Kontext der Entscheidung
Die Entscheidung bewegt sich letzten Endes auf der Linie, die durch die bisherige Rechtsprechung zur Fälligkeit der letzten Kaufpreisrate vorgegeben wird. Entgegen der Ansicht vieler Bauträger, die darauf vertrauen, dass kleinere Protokollmängel, die ggf. auch fortlaufend abgearbeitet werden, die Fälligkeit der letzten Rate nicht hindern, geht die Rechtsprechung ganz überwiegend davon aus, dass dies nicht der Fall ist. Der hier vorliegende Fall war wohl allerdings relativ „krass“, da die vorliegenden Mängel ohne weiteres hätten auch dem Bauträger einleuchten können.


D.
Auswirkungen für die Praxis
Die Entscheidung zeigt erneut, dass der Versuch, durch Regelungen in regelmäßig vorformulierten Bauträgerverträgen der Gefahr gegenzusteuern, dass aufgrund relativ geringfügiger Mängel Streit über die Fälligkeit der letzten Rate entsteht, regelmäßig zum Scheitern verurteilt sind. Unstrittig sind auch von einem Notar im Interesse des Bauträgers gestaltete Klauseln regelmäßig Allgemeine Geschäftsbedingungen. Zwar muss der Notar grundsätzlich gemäß § 14 Abs. 2 BNotO, § 4 BeurKG eine Beurkundung mit unwirksamen Klauseln ablehnen bzw. bei Zweifeln hierüber belehren, regelmäßig hilft dies aber praktisch nicht, da solche Klauseln regelmäßig den Versuch darstellen, die Rechtslage zugunsten des Bauträgers einseitig zu verändern.

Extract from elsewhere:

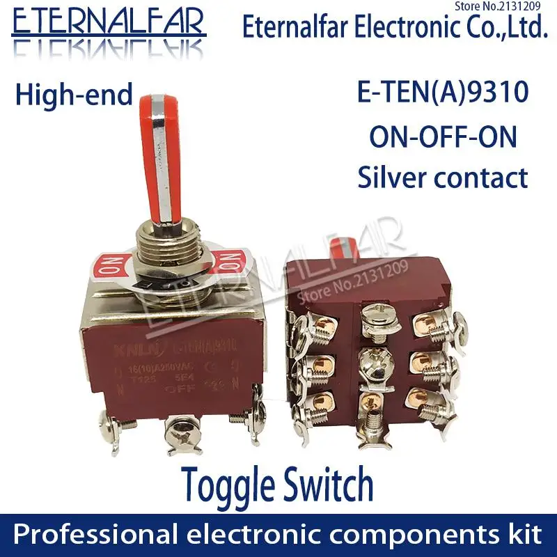 12 мм E-TEN(A)9310 Высокое качество Серебряный контакт 3PDT 16A 250В AC вкл.-ВКЛ. 9 ручка-булавка сброс Рокер тумблер скользящий переключатель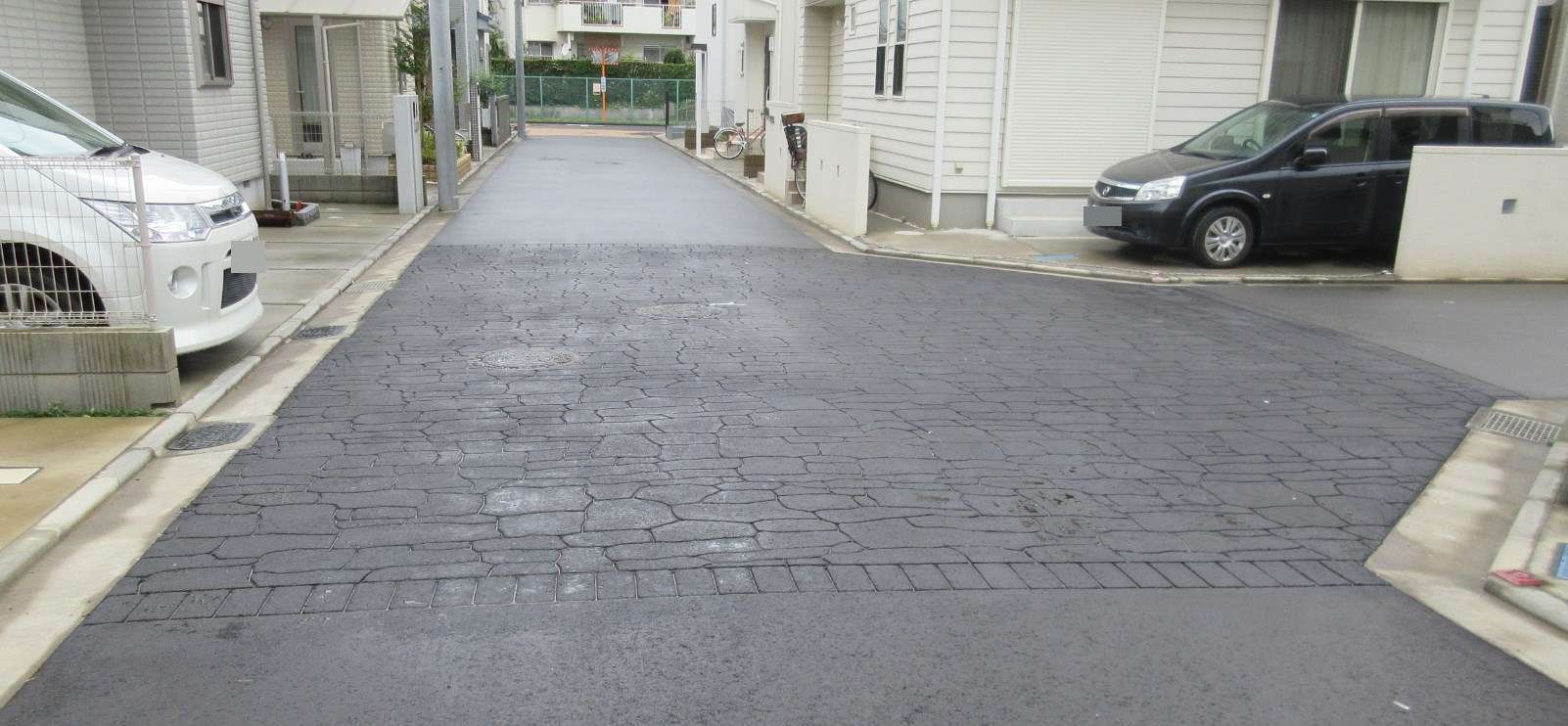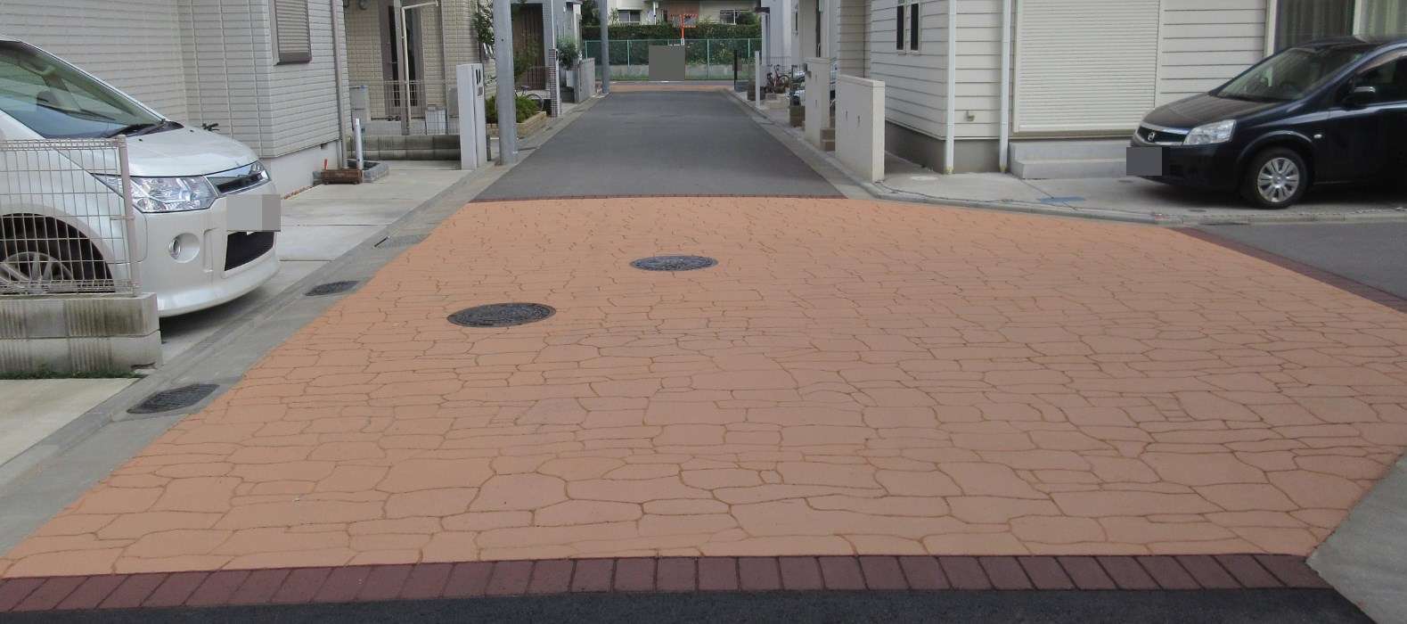 東京都立川市の新築住宅街の引きこみ道路にストリートプリント型押し・着色工事を行いました。

Der Versuch, das (relative) Druckpotenzial einer Übergabe der Wohnung an die Bezahlung der letzten Kaufpreisrate zu koppeln – und sei es auch auf ein Notaranderkonto – muss regelmäßig scheitern. Das Geld statt für langwierige Rechtsstreitigkeiten in eine engmaschige und gegen Ende des Bauvorhabens besonders penible Bauleitung zu investieren, dürfte regelmäßig für alle beteiligten Parteien zielführender sein.